In the course of the summer project, I was struck by how much oral history is available online but how uneven the content is in terms of discoverability.  Few collections provide the highest level of discovery tools. Abstracts are helpful but save the teacher little time. More useful are time-stamped content logs, which reflect one curator’s decision on where important stories begin and end, but these are very particular and open a window onto one possible interpretation of content while obscuring others. Logs that include more agnostic time-stamping at regular one-minute intervals are a little less subjective, although they also reflect one person’s listening.  Transcripts reduce subjectivity, but they are labor-intensive and therefore not cost-effective.
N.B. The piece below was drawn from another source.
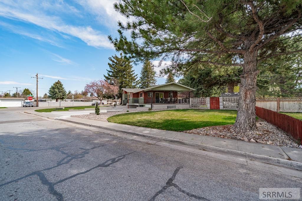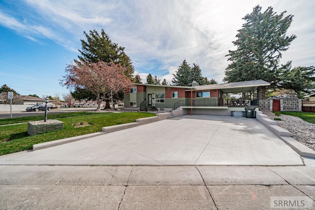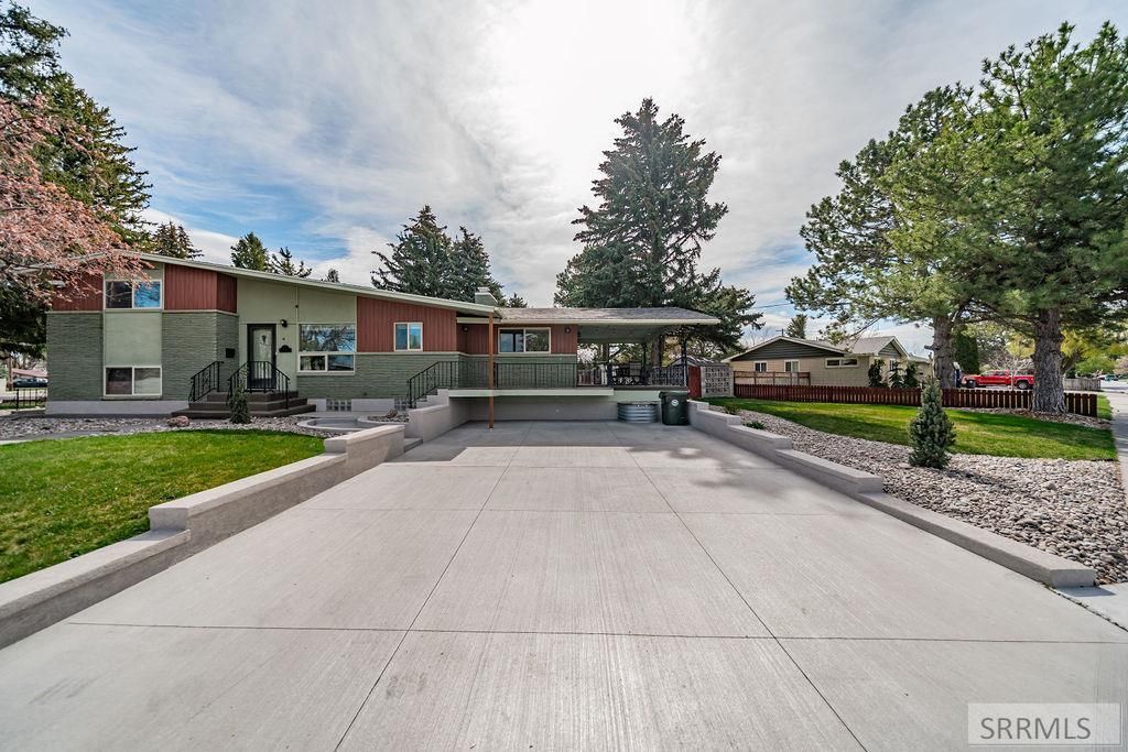 You dont want to miss this spacious, midcentury modern home located in the heart of Blackfoot on a large, corner lot. Enjoy your own private outdoor retreat with a fully landscaped yard, expansive deck with both covered and sun-filled areas, established trees and shrubs, and two storage sheds for optimal functionality. The interior has 5 bedrooms, 2.5 bathrooms, 2 fireplaces, a kitchen/breakfast nook, vaulted ceilings, brand new kitchen appliances and original features throughout. It has a thoughtfully upgraded exterior featuring a newly leveled driveway with improved drainage to prevent water intrusion, along with a sealed previous-garage for enhanced protection and extra storage. One of the basement bedrooms has an exterior entrance and could be used for an office. Schedule your showing today!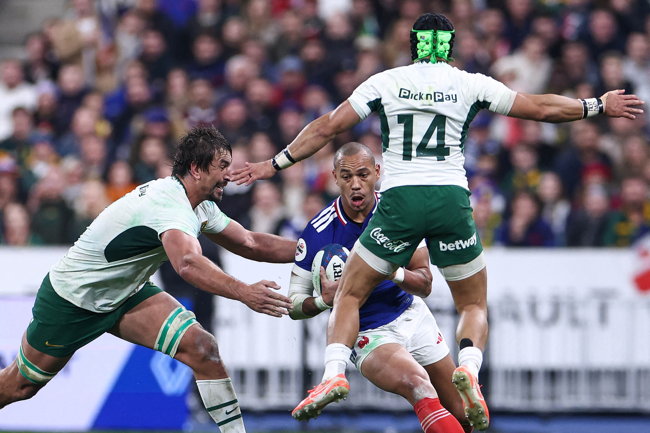 Two years ago, in the same stadium, South Africa displayed a masterclass in composure, improbably winning three knockout games in a row by a single point to claim their second consecutive World Cup. So, losing their second-row Lood de Jager to a first-half red card – a rare straight red card no less, not the new 20-minute version, for a hit on Thomas Ramos – and the prospect of finding a way to win in the Parisian furnace while a player down? No problem. Seven of the starting backline on Saturday night were back from the one-point win over France two years ago. The odd man out, Feinberg-Mngomezulu, fittingly scored the final try to finish things off.

Another problem with logs and transcripts is that they are almost never aggregated into a single database that permits discovery across multiple interviews.  Some sites, such as those that incorporate OHMS (Oral History Metadata Synchronizer–developed by the Louie B. Nunn Center for Oral History at the University of Kentucky) timestamps or Soundcloud annotation, make oral histories more discoverable for instructors, but they are very much the exception among oral history websites. Further, they tend to “trap” content by allowing only streaming capability. Many teachers are not able to stream online content due to connectivity issues or school policies that govern the use of the Web. If unable to download MP3 files, a teacher may not be able to utilize such content regardless of how much work went into its discovery.
Discoverability was the watchword of the summer. A major part of our project entailed building student researchers’ skills quickly so that they understood the mechanics of oral history and the tools for curating an existing digital collection. I was pleased that the summer allowed exploration of major online oral history collections as well as the CROHC. Although the CROHC is organized in dozens of “series,” each of which corresponds to the circumstances in which its interviews were conducted (e.g., as part of a course or perhaps a community partnership), the collection’s organization, like that of pretty much all collections, does not readily lend itself to satisfying teachers’ need to determine how to find usable content, connect it to standards, and extract it for classroom use. The project produced a varied collection of short story clips annotated in ways that not only show teachers how they fit the standards and how they might be incorporated into a lesson plan but also provide both models and clues for how teachers might approach using the rest of the collection more effectively. History Speaks emerged as a resource that responds on two levels: an invitation to iterative development of new classroom content and an immediate go-to source of material. When linked to related posts created for the Social Studies @ CSU blog, History Speaks combines professional development support with a ready-to-use block of lesson plans that include sound clips that teachers can use right away. In short, it is a site that does not get set aside for “next time,” when a teacher has more time, but can be used right away. Hopefully History Speaks inspires teachers, through a sort of proof of concept, to return to do the harder work of bringing sound into the classroom in a more programmatic manner.